In his freshman season at Syracuse in 2013–14, Ennis was named to the 2014 All-ACC second team, All-ACC Freshmen Team, and All-ACC Defensive Team. In 34 games, he averaged 12.9 points, 3.4 rebounds, 5.5 assists and 2.1 steals in 35.7 minutes per game.

On February 28, 2014, Ennis was named one of the ten semi-finalists for the Naismith College Player of the Year.

Ennis helped lead the Syracuse Orange past Western Michigan in the second round of the 2014 NCAA Tournament, but missed a three-pointer at the buzzer of the following game that would have taken Syracuse past Dayton and into the Sweet Sixteen.

==Professional career==

===Phoenix Suns (2014–2015)===
On June 26, 2014, Ennis was selected with the 18th overall pick in the 2014 NBA draft by the Phoenix Suns. He later joined the Suns for the 2014 NBA Summer League. On August 8, he signed his rookie scale contract with the Suns. He made his NBA debut on October 29 in the Suns' season opener against the Los Angeles Lakers, recording two points, three assists and one block in a 119–99 win. During his rookie season with the Suns, Ennis received multiple assignments to the Bakersfield Jam of the NBA Development League.

===Milwaukee Bucks (2015–2016)===
On February 19, 2015, Ennis was traded, along with Miles Plumlee, to the Milwaukee Bucks as part of a three-team deal involving the Philadelphia 76ers; as part of the deal, the Bucks also received Michael Carter-Williams from Philadelphia, while Phoenix received Brandon Knight and Kendall Marshall from Milwaukee and Philadelphia received a future first-round pick from Phoenix. The next day, Ennis made his debut for the Bucks, recording four points and two assists off the bench in 89–81 win over the Denver Nuggets.

In May 2015, Ennis underwent surgery to repair a torn labrum in his right shoulder.

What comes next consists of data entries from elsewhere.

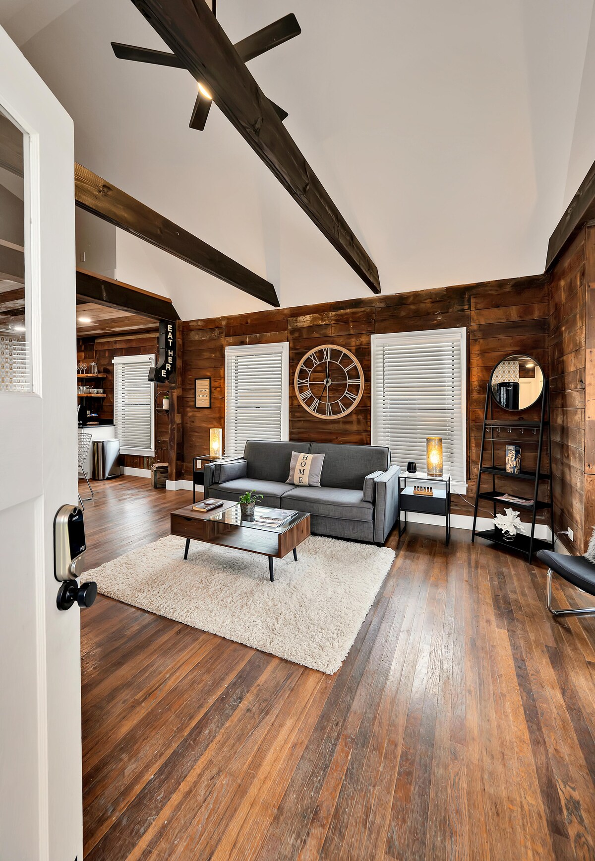 Green Door Lofts, presentado en Fixer Upper Urban Loft Challenge y conocido como «Funky Town» por Chip, es un complejo de lofts de lujo de 9 unidades en el corazón del bullicioso distrito Silo de Waco. Estamos al lado del histórico Hippodrome Dinner Theater y a pocos pasos de tiendas eclécticas, tiendas de antigüedades, salas de degustación de vinos y música en vivo. El mercado Magnolia está a poca distancia a pie o puedes coger el tranvía gratuito que para fuera. Cada loft está diseñado con un estilo único y ofrece una experiencia distinta.
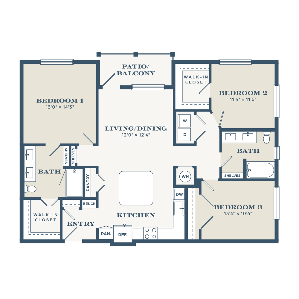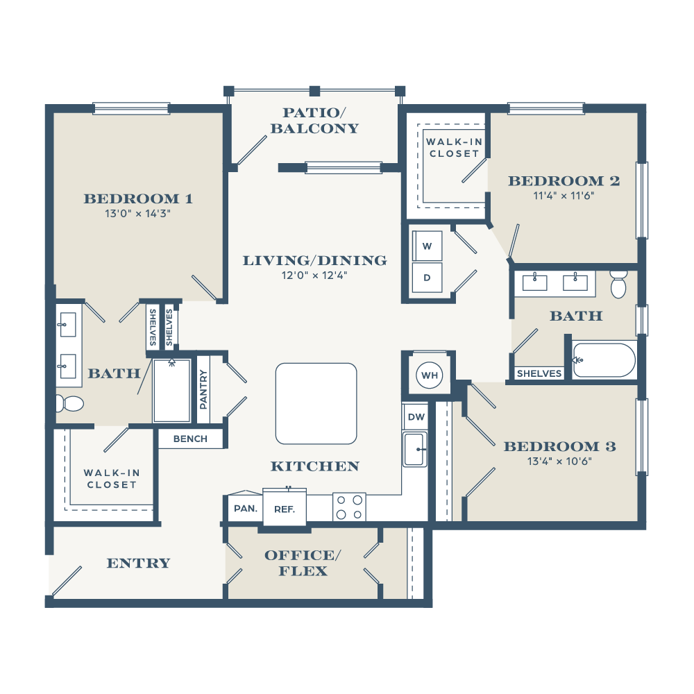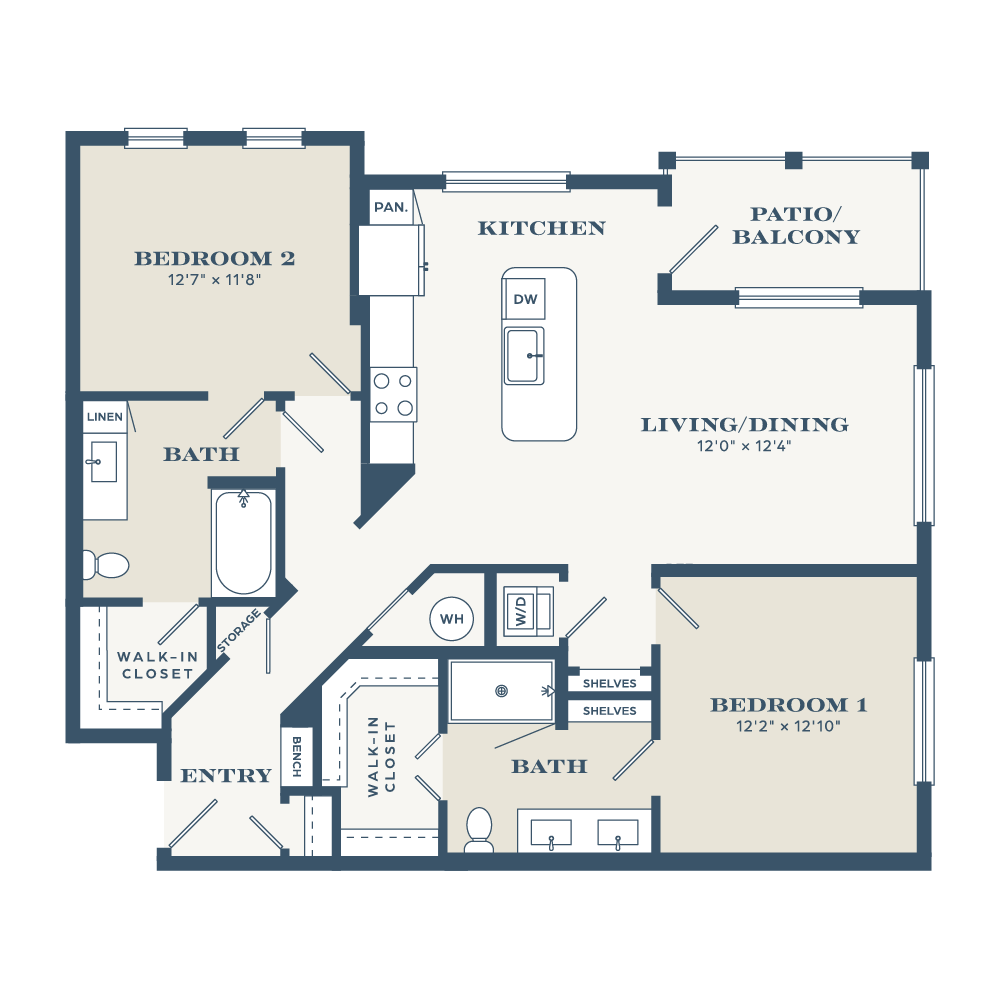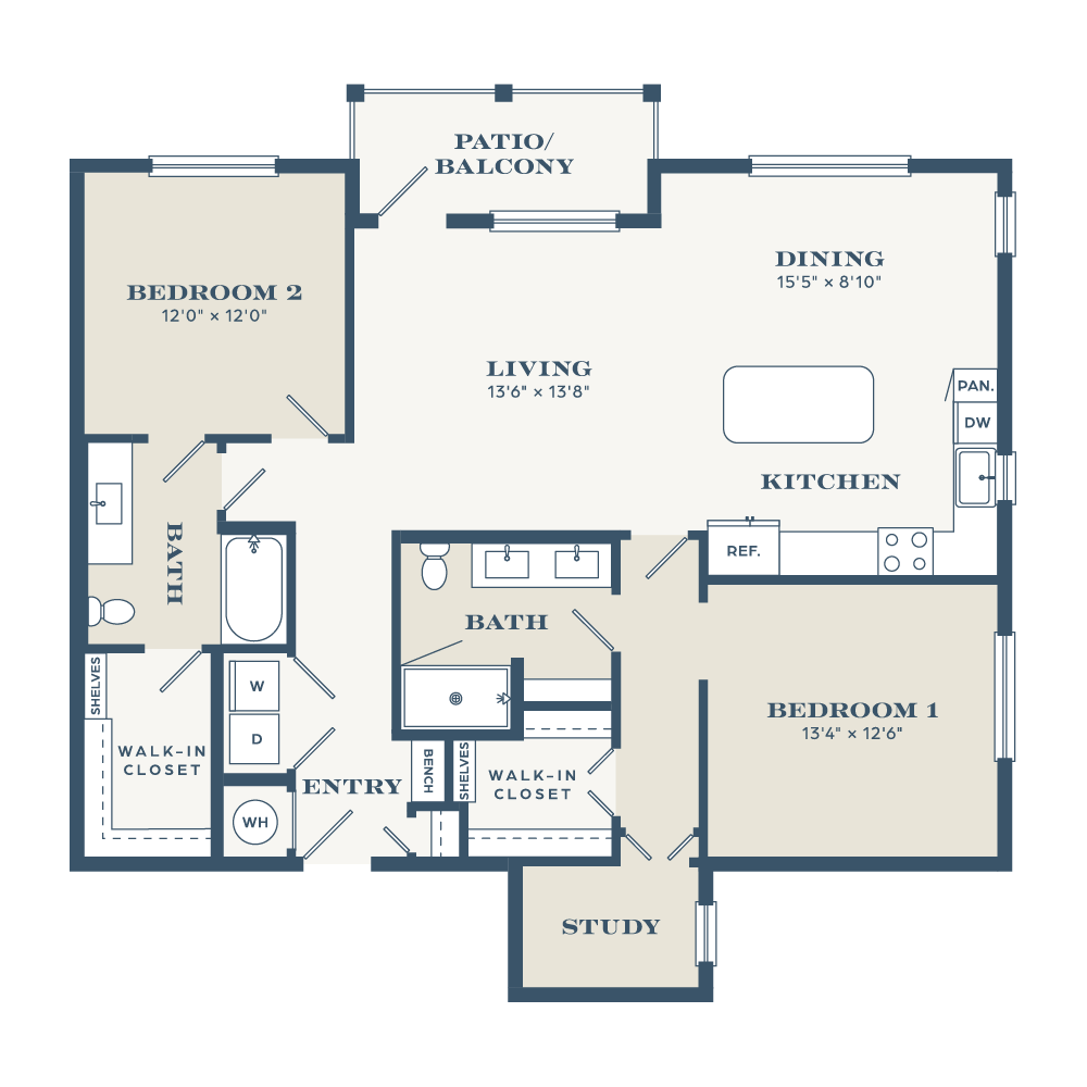 Modelo de apartamento: A1Desde $1,5491 Dormitorio, 1 Baño, 691 sq ftDisponible Ahora![]()
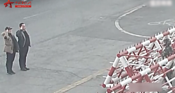 只见两名男子下车之后昂首挺胸地向营区敬礼。
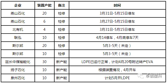 二季度来看,EVA国内供给面可谓是多空交织,一方面新产能来袭,另一方面,企业检修依旧频繁。
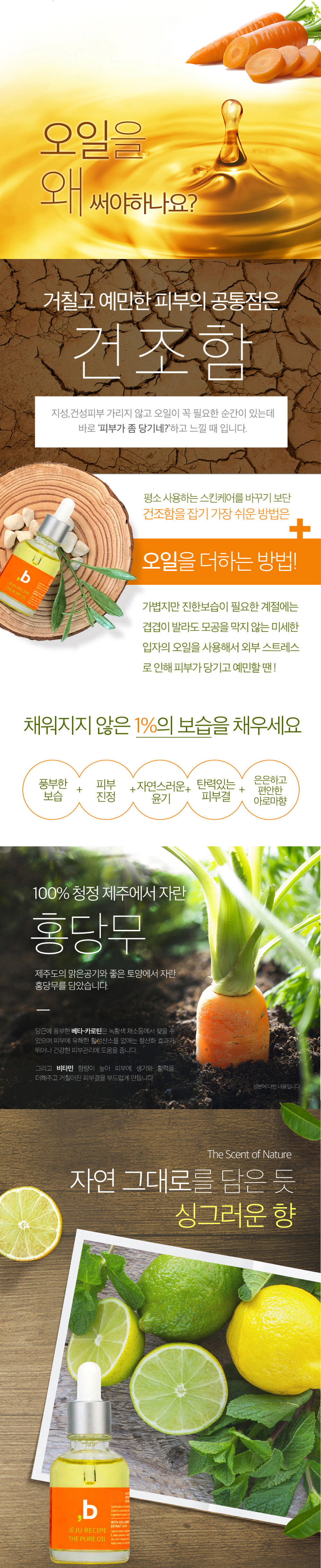 청정 제주 당근과 자연유래 식물 오일을 담은 보습 오일.
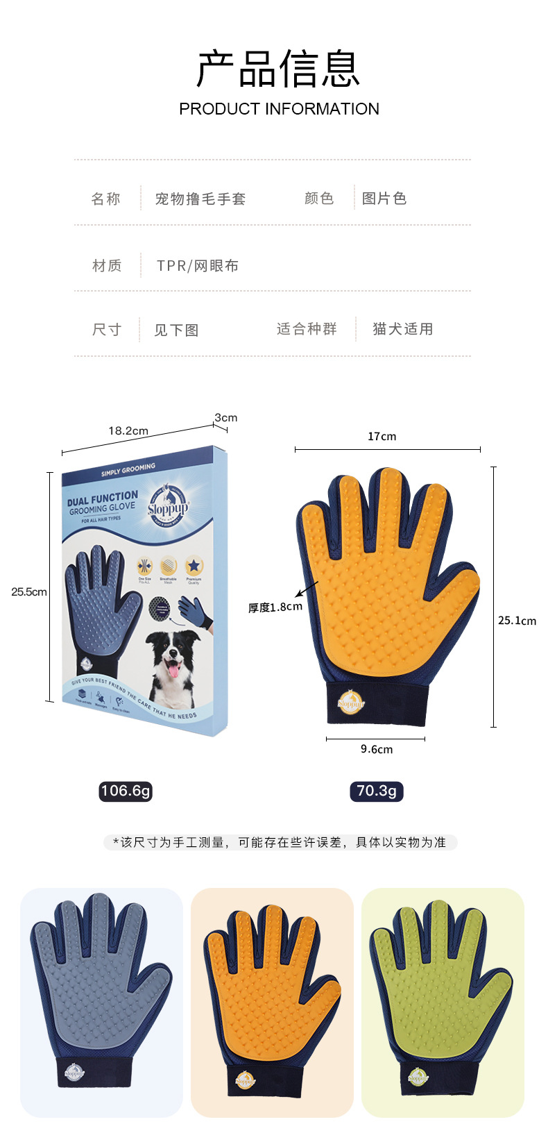 애완 동물 털 손수건, 고양이와 개 목욕 마사지 장갑, 고양이 털 제거 장갑, 애완 동물 용품 도매스토어 가기

On March 17, 2016, Ennis recorded career highs of 13 points and five rebounds in the Bucks' 96–86 win over the Memphis Grizzlies. Nine days later, he recorded nine points and a career-high 12 assists in a 115–91 loss to the Charlotte Hornets.

===Houston Rockets (2016–2017)===
On September 22, 2016, Ennis was traded to the Houston Rockets in exchange for Michael Beasley.

===Los Angeles Lakers (2017–2018)===
On February 23, 2017, Ennis was traded, along with the draft rights to Brad Newley, to the Los Angeles Lakers in exchange for Marcelo Huertas. On April 5, 2017, in his first start of the season, Ennis scored a career-high 19 points in place of injured starter D'Angelo Russell to lead the Lakers to a 102–95 win over the San Antonio Spurs. He surpassed that mark four days later, scoring 20 points in a 110–109 win over the Minnesota Timberwolves.

On July 26, 2017, Ennis re-signed with the Lakers. On December 31, 2017, Ennis scored 20 points in a 148–142 double overtime loss to the Houston Rockets. On April 8, 2018, he scored a career-high 22 points in a 112–97 loss to the Utah Jazz. He shot 9 of 18 from the field, made three steals and played 28 minutes off the bench.

On June 28, 2018, Ennis was waived by the Lakers.

===Fenerbahçe (2018–2019)===
On July 19, 2018, Ennis signed a two-year deal with the Turkish club Fenerbahçe. In his first four games, he averaged 11.8 minutes and 6.7 points per game. Ennis suffered a severe ankle injury in a game on October 21 and was taken to the hospital. His ankle was broken. On July 1, 2019, Ennis was released from the Turkish club.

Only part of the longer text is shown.